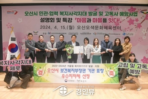 (경인뷰) 오산시는 2023-2024년 겨울철 복지 위기가구 발굴 지원 우수 지자체 평가에서 보건복지부 장관 표창을 수상했다고 15일 밝혔다.
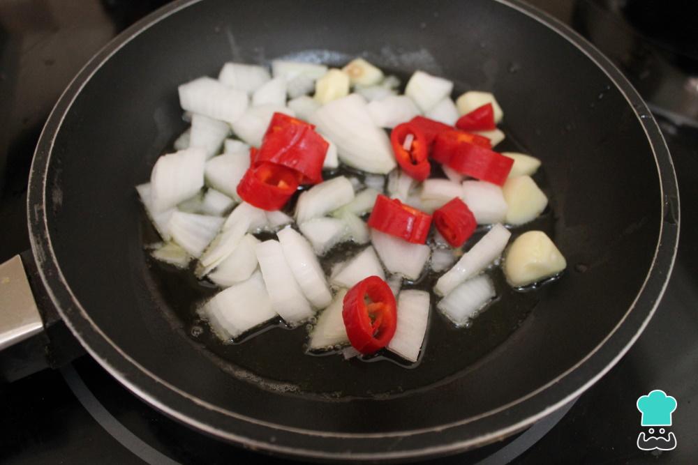En una olla pon un poco de aceite de oliva (reutiliza el mismo que has usado para freír las patatas). Pon suficiente aceite para cubrir el fondo de la olla y caliéntalo. Fríe los ajos, la cebolla y los chiles. Tardará unos cinco minutos.
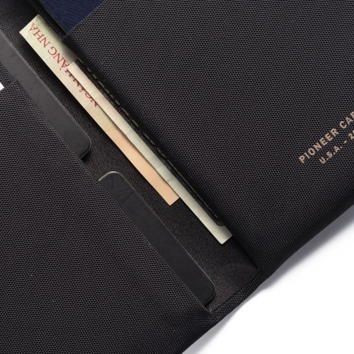 - Holds one passport (right-side), up to 8 cards, folded bills, tickets/receipts
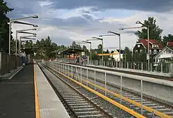 Bjørnsletta is a station on the Kolsås Line of the Oslo Metro. It serves the residential area of Øraker in Oslo, Norway and is served by Line 3. The station opened on 17 August 2010 and replaced two former stations: Bjørnsletta (located at a different location) and Lysakerelven. Both these stations were closed in 2006 while the Kolsås Line was being upgraded from a light rail to a rapid transit. Bjørnsletta is 8.2 kilometres (5.1 mi) from Stortinget.
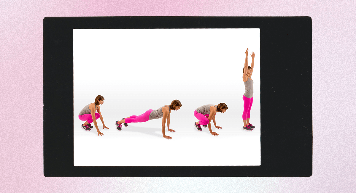 Это упражнение отлично разгоняет пульс, задействует сразу несколько групп мышц и помогает активно сжигать жир.

* * * * *

## Work to complete
Both ends included, copy word for word the lines from the top of the entries above through the line with "- Holds one". No pictures.

## Response area
 (경인뷰) 오산시는 2023-2024년 겨울철 복지 위기가구 발굴 지원 우수 지자체 평가에서 보건복지부 장관 표창을 수상했다고 15일 밝혔다.
En una olla pon un poco de aceite de oliva (reutiliza el mismo que has usado para freír las patatas). Pon suficiente aceite para cubrir el fondo de la olla y caliéntalo. Fríe los ajos, la cebolla y los chiles. Tardará unos cinco minutos.
 - Holds one passport (right-side), up to 8 cards, folded bills, tickets/receipts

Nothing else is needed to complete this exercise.